I looked into this for my J, its eligible.  Cost from MSC/Mooney is terrible, quoted $3k

I did the Gross Weight Increase in 2017.  I did not need a new altimeter because I had a Garmin G500; we just had the new POH Supplement Speeds programmed in.  The rudder did need additional counterweights installed to comply with the new balance specifications.  

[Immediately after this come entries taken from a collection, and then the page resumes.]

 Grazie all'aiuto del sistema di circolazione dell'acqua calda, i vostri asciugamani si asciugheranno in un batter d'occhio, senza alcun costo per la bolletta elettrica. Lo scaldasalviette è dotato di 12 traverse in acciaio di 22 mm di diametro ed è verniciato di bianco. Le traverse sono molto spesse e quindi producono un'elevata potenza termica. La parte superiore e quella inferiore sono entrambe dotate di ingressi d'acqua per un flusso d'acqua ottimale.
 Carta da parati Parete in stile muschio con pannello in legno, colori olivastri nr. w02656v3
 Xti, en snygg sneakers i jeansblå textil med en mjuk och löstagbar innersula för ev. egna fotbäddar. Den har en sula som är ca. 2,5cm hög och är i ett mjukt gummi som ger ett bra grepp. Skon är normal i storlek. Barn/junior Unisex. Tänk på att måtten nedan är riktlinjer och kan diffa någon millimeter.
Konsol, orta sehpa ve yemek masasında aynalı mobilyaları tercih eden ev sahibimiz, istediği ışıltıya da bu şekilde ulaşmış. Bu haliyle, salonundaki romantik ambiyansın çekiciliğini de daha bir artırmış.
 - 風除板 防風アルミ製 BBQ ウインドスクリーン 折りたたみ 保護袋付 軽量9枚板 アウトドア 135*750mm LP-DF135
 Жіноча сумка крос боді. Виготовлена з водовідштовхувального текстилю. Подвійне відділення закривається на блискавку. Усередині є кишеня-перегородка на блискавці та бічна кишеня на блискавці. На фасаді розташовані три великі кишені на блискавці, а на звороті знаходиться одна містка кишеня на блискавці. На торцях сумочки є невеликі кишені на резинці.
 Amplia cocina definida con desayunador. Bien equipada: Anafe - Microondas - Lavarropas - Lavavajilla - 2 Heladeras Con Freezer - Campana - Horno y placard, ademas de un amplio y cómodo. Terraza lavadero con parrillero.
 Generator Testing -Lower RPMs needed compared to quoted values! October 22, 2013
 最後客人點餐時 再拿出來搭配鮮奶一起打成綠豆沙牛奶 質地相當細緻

The original kit price included the new altimeter is the $3K cost.  But if all you need is the paperwork like I did, Henry Weber MSC sold it for less than $500 (I don’t want to give the exact price in case their price has changed in the past 3.5 years.)

All I needed was the POH supplement specifically for my s/n range, as well as the retrofit drawing.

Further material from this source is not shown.